Neural therapy according to Huneke: origin and development
Developed by the brothers Ferdinand and Walter Huneke, neural therapy has proven itself as a holistic diagnostic and therapeutic method in the treatment of acute as well as chronic pain.
The aim of this pain therapy is to stimulate the body’s self-healing powers by injecting a local anesthetic. In the course of a successful treatment cycle, the discomfort decreases after each intervention, up to complete freedom from pain. How did this form of therapy, how exactly does neural therapy according to Huneke and when is it used?.
Evolution of neural therapy
The brothers and physicians Ferdinand and Walter Huneke discovered the healing effect of procaine in 1925.
When his sister suffered from a migraine attack, Ferdinand Huneke injected her with the anesthetic, as it is now believed accidentally.

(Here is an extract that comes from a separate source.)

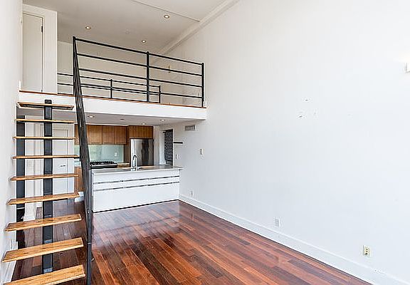 Sunny modern duplex studio apartment. Second floor walk up. Tremendous floor to ceiling windows. BEAUTIFUL KITCHEN with full sized appliances and dishwasher. Large living space. Separate lofted area with good storage. Roof deck with skyline views! Located in Williamsburg close to McCarren Park. 5 minute walk to the L train at Graham Av.

He noticed that the headache attack was shortened in this way. The Huneke brothers then continued to develop this pain therapy by injecting procaine, and in 1940 Ferdinand discovered the so-called “seconds phenomenon” – a spontaneous, short-lived freedom from symptoms after the injection. As a reminiscence of their discoverers, the pain therapy is now called neural therapy according to Huneke..
For what complaints can neural therapy be used?
Most often, neural therapy treatment is safely applied as pain therapy, both chronic and acute pain. These include, for example:
- headaches and migraines
- back pain
- postoperative pain
However, the possible applications of this form of therapy are diverse. Other indications for neural therapy treatment:
- Movement restrictions and joint disorders (eg. Shoulder-arm syndrome, discomfort in the knee, elbow or hip joint)
- Infections
- (Chronic) inflammation of the respiratory tract, eyes, bladder, etc.
- Disorders in hormone balance
- Hypertension and circulatory disorders
- Heart problems such as shortness of breath, palpitations, and arrhythmias
- dizziness
- Exhaustion states such as sleep disorders or burnout
- Post-traumatic stress disorder and depressive episodes
- Ear noise (tinnitus)
- Wound healing disorders and poorly healed scars
How does neural therapy work?
In a healthy organism, the body’s own regulatory system is able to compensate for minor dysfunctions. However, if major disturbances occur, this self-regulation becomes unbalanced. Neural therapy treatments aim to mobilize the self-healing powers and bring the autonomic nervous system back into balance..
The holistic approach of neural therapy assumes that scars, chronic inflammation and other disease patterns act as foci or interference fields that can trigger pain in other parts of the body. By applying stimuli and stimulating such interference fields with the aid of locally acting anesthetics, certain nerve connections are briefly interrupted or “switched off”. Administering small amounts of anesthetics suppresses the transmission of excitation and reduces pain. During this “relaxation phase” the body gets the chance to regulate out of balance control circuits themselves new and thus normalize..
In a neural therapeutic treatment, a locally acting anesthetic is injected at interference fields, scars, pain or reflex points.